Liputan6.com, Jakarta - Amnesty International (Amnesty/Amnesti Internasional) mengklaim Twitter gagal mencegah kekerasan dan pelecehan online terhadap perempuan. Sebaliknya, Twitter justru dinilai menciptakan lingkungan 'beracun' bagi perempuan.
Amnesty dalam sebuah laporan yang dipublikasikan pada Rabu (21/3/2018), mengungkapkan Twitter memberikan respons secara tidak konsisten saat kasus pelecehan disorot, bahkan ketika hal itu melanggar aturannya sendiri. Laporan ini dipublikasikan bertepatan dengan 12 tahun sejak twit pertama Twitter diunggah.
Advertisement
Baca Juga
Dikutip dari The Guardian, Jumat (23/3/2018), organisasi Hak Asasi Manusia (HAM) itu menuduh Twitter gagal menghormati hak-hak perempuan, dengan tidak bisa menginterpretasikan dan menegakkan kebijakannya untuk mencegah konten beracun atau negatif.
Akibatnya, muncul ancaman pembunuhan, pemerkosaan dan rasis, transphobia serta homophobia terhadap perempuan.
Laporan Amnesty juga berisi survei dengan responden 1.100 perempuan Inggris. Hasilnya, hanya 9 persen berpikir Twitter melakukan cukup upaya menghentikan kekerasan dan pelecehan terhadap perempuan.
Sementara 78 persen merasa layanan tersebut bukan tempat untuk menyalurkan pendapat mereka tanpa menerima, misalnya, perkataan kasar.
Direktur Amnesty Inggris, Kate Allen, menegaskan Twitter menjadi sebuah tempat beracun untuk perempuan.
"Selama ini, perempuan di Twitter dengan mudah dihadapkan ancaman kematian atau pemerkosaan, serta gender, etnis dan orientasi mereka diserang," ungkap Allen.
Twitter Harus Tegas
Allen menilai orang-orang yang suka menyerang di Twitter berada dalam posisi menguntungkan, karena meski telah berulang kali berjanji, Twitter akhirnya gagal untuk menghentikan mereka.
"Twitter harus mengambil berbagai langkah konkret untuk mengatasi dan mencegah kekerasan dan pelecehan perempuan di platform-nya. Jika tidak, maka klaimnya yang berada di sisi perempuan tidak akan berarti," jelasnya.

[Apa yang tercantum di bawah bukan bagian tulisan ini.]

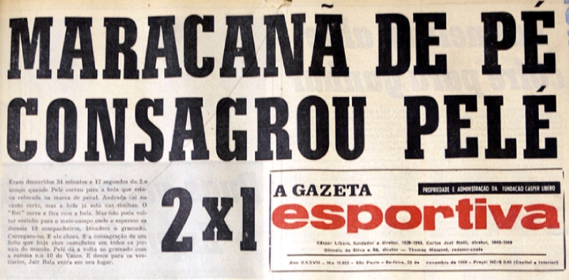 Para outra parte da imprensa, o feito ocorreu naquele mesmo ano, mas sete dias depois, na noite de 19 de novembro, na vitória santista sobre o Vasco por 2 a 1, no Maracanã, com 70 mil presentes. A mesma Gazeta Esportiva estampou novamente em sua capa: “Maracanã de pé consagrou Pelé“, contrariando todos os outros jornais e a ela mesmo.
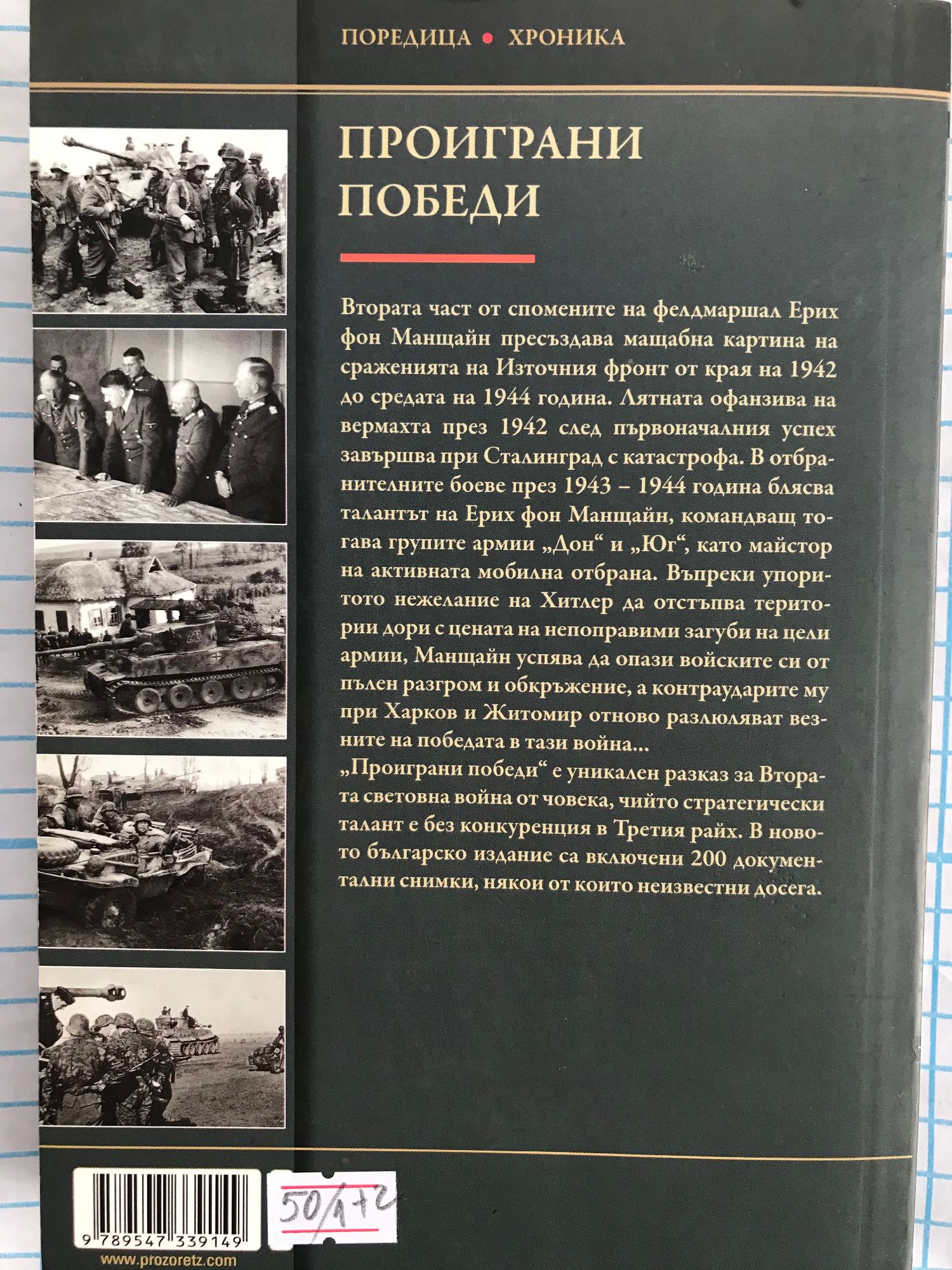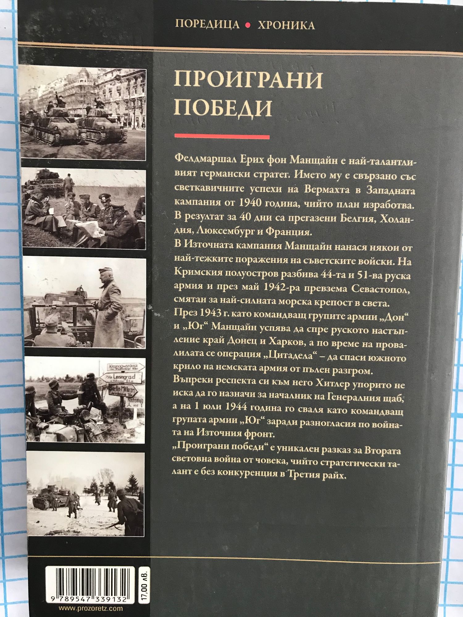 Фелдмаршал Ерих фон Манщайн е най-талантливият германски стратег. Името му е свързано със светкавичните успехи на Вермахта в Западната кампания на 1940 година, чийто план изработва. В резултат на 40 дни са прегазени Белгия, Холандия, Люксембург и Франция. В Източната кампания Манщайн нанася някои от най-тежките поражения на съветските войски. На Кримския полуостров разбива 44-а и 51-а руска армия и през май 1942-а превзема Севастопол, смятан за най-силната морска крепост в света. През 1943 г. като командващ групите армии "Дон" и "Юг" Манщайн успява да спре руското настъпление край Донец и Харков, а по време на провалите на операция "Цитадела" – да спаси южното крило на немската армия от пълен разгром. Въпреки респекта си към него Хитлер упорито не иска да го назначи за началник на Генералния щаб, а на 1 юли 1944 година го сваля като командващ групата армии "Юг" заради разногласия по войната на Източния фронт. "Проиграни победи" е уникален разказ за Втората световна война от човека, чийто стратегически талант е без конкуренция в Третия райх. Втората част от спомените на фелдмаршал Ерих фон Манщайн пресъздава мащабна картина на сраженията на Източния фронт от края на 1942 до средата на 1944 година. Лятната офанзива на вермахта през 1942 след първоначалния успех завършва при Сталинград с катастрофа. В отбранителните боеве през 1943 - 1944 година блясва талантът на Ерих фон Манщайн, командващ тогава групите армии "Дон" и "Юг", като майстор на активната мобилна отбрана. Въпреки упоритото нежелание на Хитлер да отстъпва територии дори с цената на непоправими загуби на цели армии, Манщайн успява да опази войските си от пълен разгром и обкръжение, а контраударите му при Харков и Житомир отново разлюляват везните на победата в тази война... "Проиграни победи" е уникален разказ за Втората световна война от човека, чийто стратегически талант е без конкуренция в Третия райх. В новото българско издание са включени 200 документални снимки, някои от които неизвестни досега.

Adapun laporan Amnesty ini dibuat berdasarkan wawancara dengan lebih dari 80 perempuan, termasuk politisi, jurnalis dan pengguna biasa di Inggris dan Amerika Serikat (AS).
Publik figur kerap menjadi target penyerangan di Twitter, tapi juga ada pengguna lain yang mengalami pelecehan, terutama jika mereka berbicara soal seksisme atau menggunakan tagar kampanye khusus.
Amnesty juga mendokumentasikan bagaimana perempuan dari etnis atau agama minoritas, Lesbian, Gay, Bisexual, Transgender dan Intersex (LGBTI), individu non-binary serta disabilitas, kerap menjadi korban pelecehan. Tindakan ini dinilai dapat membuat suara yang sudah terpinggirkan, semakin jauh dari publik.
Advertisement
Twitter Tak Sependapat dengan Amnesty International
Di sisi lain Twitter menyatakan ketikdasetujuannya dengan temuan Amnesty. Twitter beralasan layanannya tidak bisa menghapus kebencian dan prasangka dari masyarakat.
Kendati demikian, Tiwtter mengklaim telah membuat lebih dari 30 perubahan pada platform-nya dalam 16 bulan terakhir untuk membuat keamanan menjadi lebih baik, termasuk bergerak lebih cepat untuk menangani twit yang dinilai melecehkan.